(Dataset section):

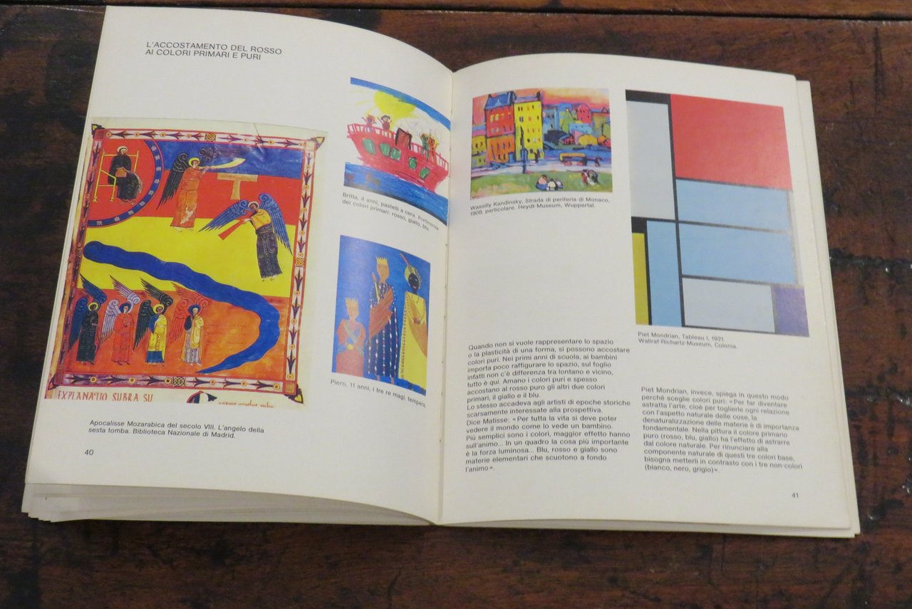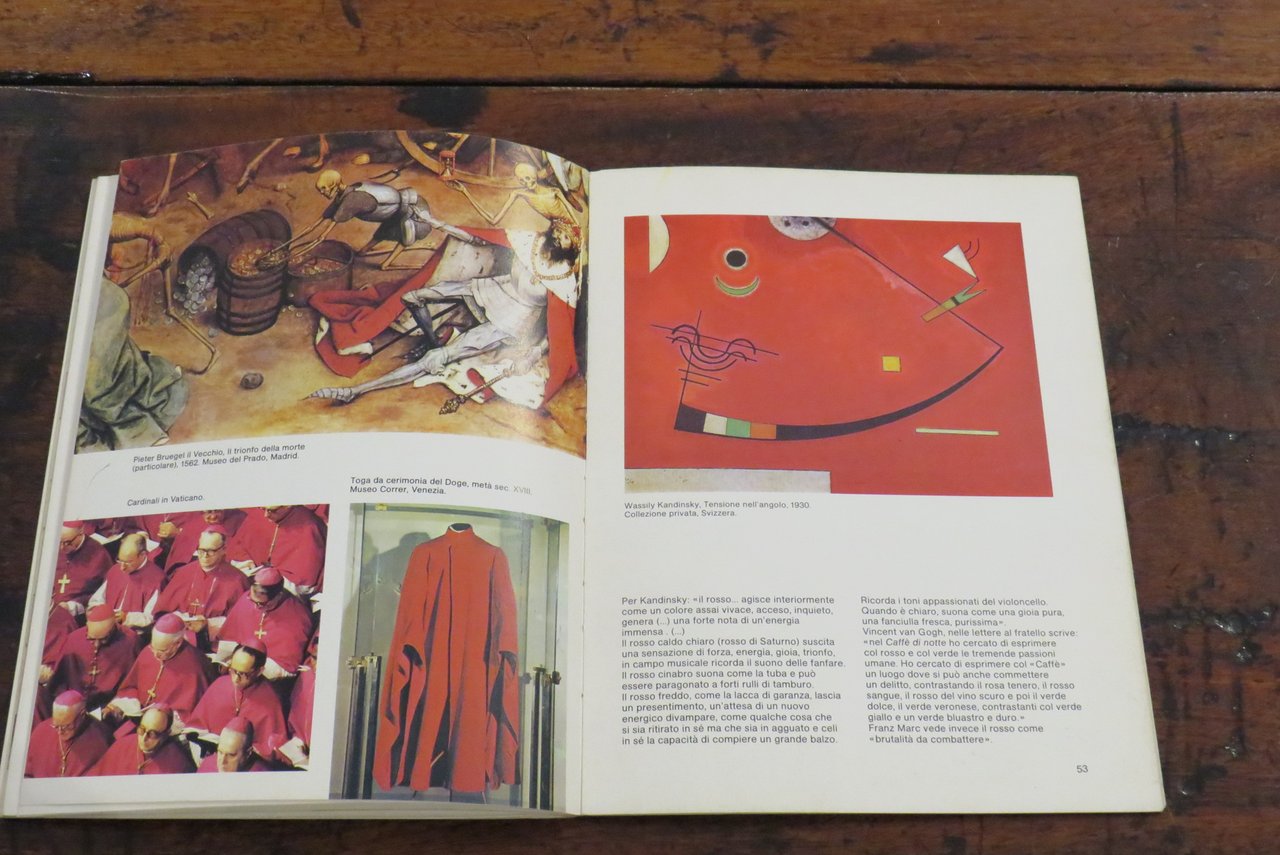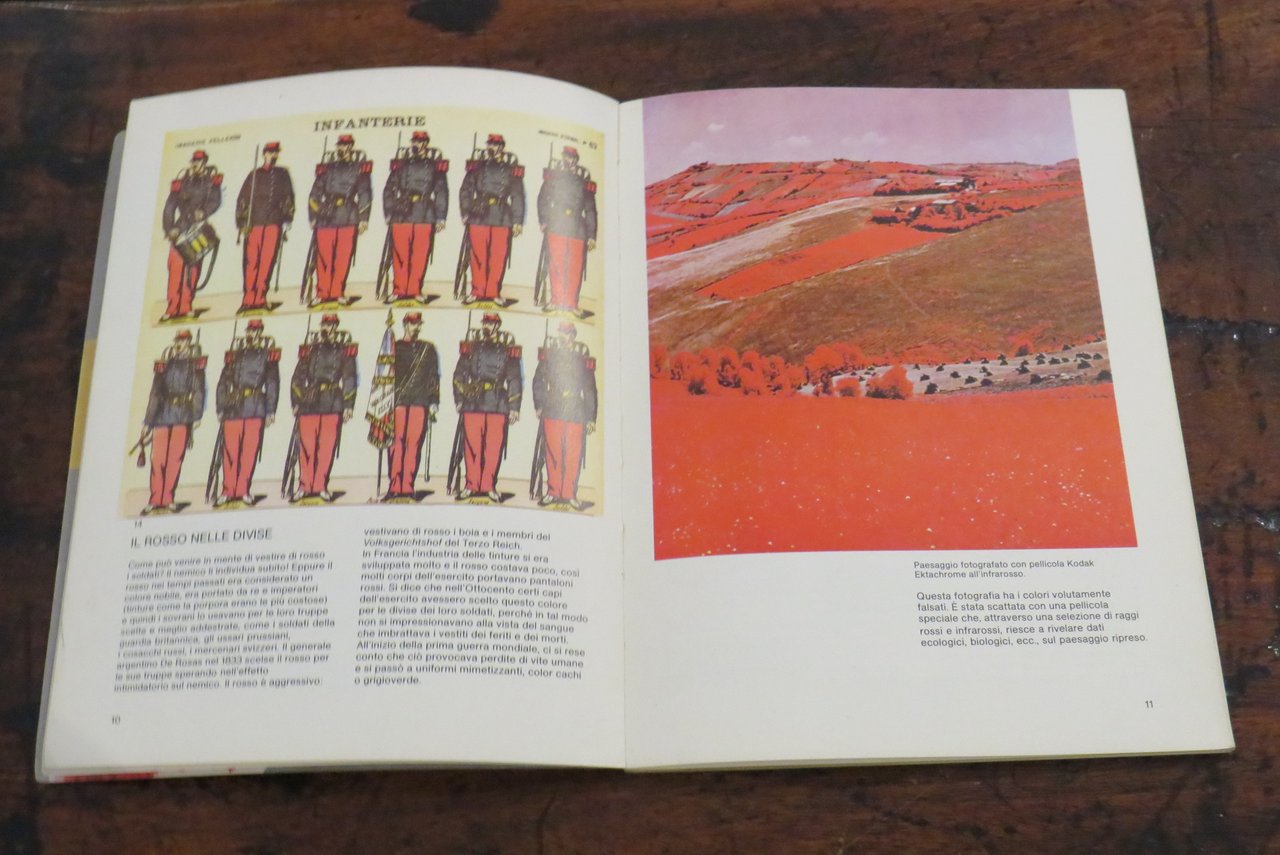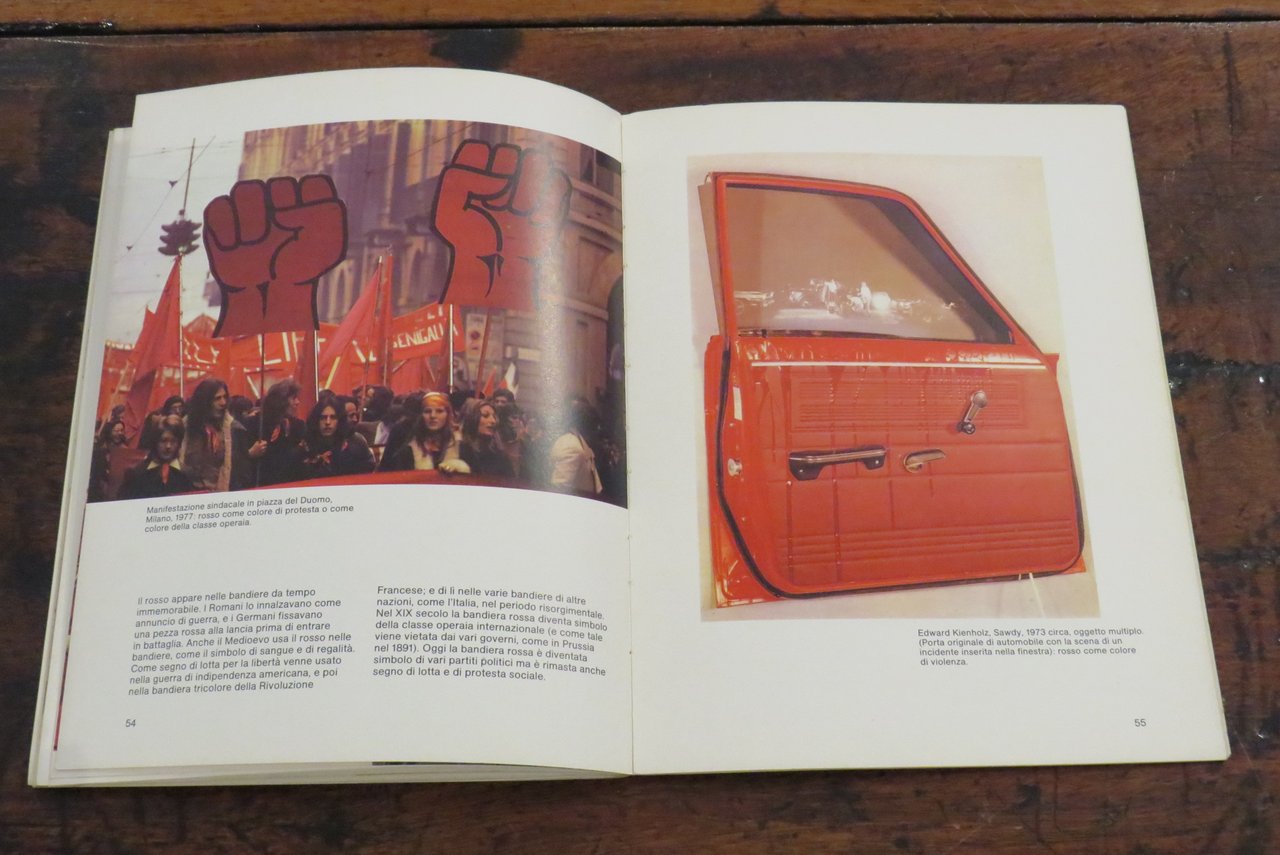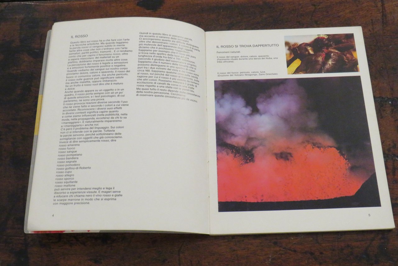 Bologna, Zanichelli, 1979. In -8 grande (mm. 190,2x250), pp. 63, con numerose illustrazioni a colori nel testo. Brossura editoriale illustrata a colori al piatto anteriore. A cura di Renate Eco. Collana "Giocare con l’arte", quaderni per l’educazione alla comunicazione visiva, N. 2, diretta da Bruno Munari. Manuale didattico. Libro stampato in Offset. La collana dell’editore Zanichelli nata nel 1979, ideata e diretta da Bruno Munari, a cui appartiene una serie di volumi monografici curati da diversi specialisti per l’insegnamento e l’introduzione alla comunicazione visiva come testualmente riporta Bruno Munari: "(…) Sperimentata per tre mesi nel 1977 alla Pinacoteca di Brera di Milano con qualche migliaio di bambini delle scuole elementari, successivamente verificata in incontri, riunioni e corsi con qualche centinaio di insegnanti anche di altre città, questa didattica per l’educazione alla comunicazione visiva, prende corpo ora in una collana che porta lo stesso nome del Laboratorio per bambini di Brera…". Questo volume è dedicato all’utilizzo e all’impiego creativo del colore rosso nell’attività del disegno e della pittura, con una ampia ricognizione di esempi e modelli didattici e con spunti che rimandano alla tradizione pittorica attraverso i secoli. Prima edizione. Scritta a penna al frontespizio ("Non catalogato"), lievi tracce di usura ai piatti della copertina, ma nel complesso ottimo.
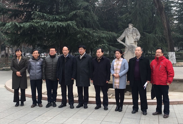 會談結(jié)束后,范九利書記一行與學(xué)校黨政領(lǐng)導(dǎo)在鐵人廣場合影留念。
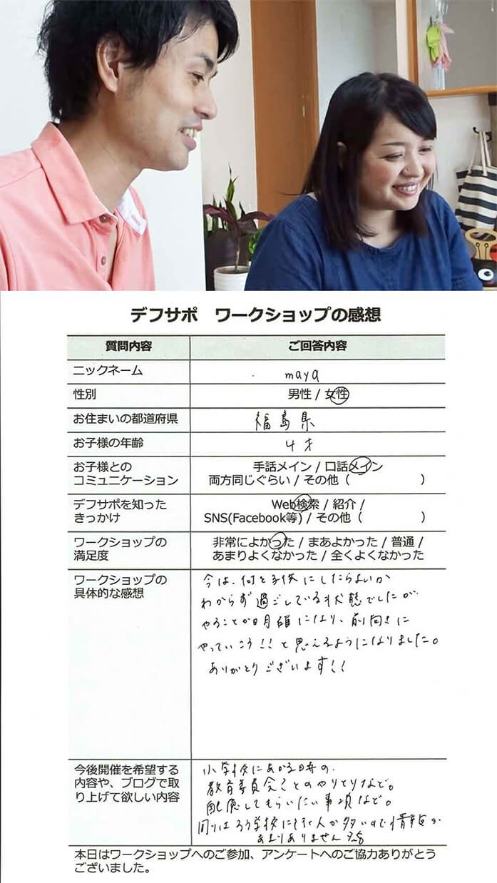 その他、各家庭による手話と口話の割合の選び方、絵本の読み聞かせ方法についてお話します。

(Instructions to follow): Only the pictures stay behind; everything else in the data above is to be retyped exactly.

(Exercise response):
 Bologna, Zanichelli, 1979. In -8 grande (mm. 190,2x250), pp. 63, con numerose illustrazioni a colori nel testo. Brossura editoriale illustrata a colori al piatto anteriore. A cura di Renate Eco. Collana "Giocare con l’arte", quaderni per l’educazione alla comunicazione visiva, N. 2, diretta da Bruno Munari. Manuale didattico. Libro stampato in Offset. La collana dell’editore Zanichelli nata nel 1979, ideata e diretta da Bruno Munari, a cui appartiene una serie di volumi monografici curati da diversi specialisti per l’insegnamento e l’introduzione alla comunicazione visiva come testualmente riporta Bruno Munari: "(…) Sperimentata per tre mesi nel 1977 alla Pinacoteca di Brera di Milano con qualche migliaio di bambini delle scuole elementari, successivamente verificata in incontri, riunioni e corsi con qualche centinaio di insegnanti anche di altre città, questa didattica per l’educazione alla comunicazione visiva, prende corpo ora in una collana che porta lo stesso nome del Laboratorio per bambini di Brera…". Questo volume è dedicato all’utilizzo e all’impiego creativo del colore rosso nell’attività del disegno e della pittura, con una ampia ricognizione di esempi e modelli didattici e con spunti che rimandano alla tradizione pittorica attraverso i secoli. Prima edizione. Scritta a penna al frontespizio ("Non catalogato"), lievi tracce di usura ai piatti della copertina, ma nel complesso ottimo.
 會談結(jié)束后,范九利書記一行與學(xué)校黨政領(lǐng)導(dǎo)在鐵人廣場合影留念。
 その他、各家庭による手話と口話の割合の選び方、絵本の読み聞かせ方法についてお話します。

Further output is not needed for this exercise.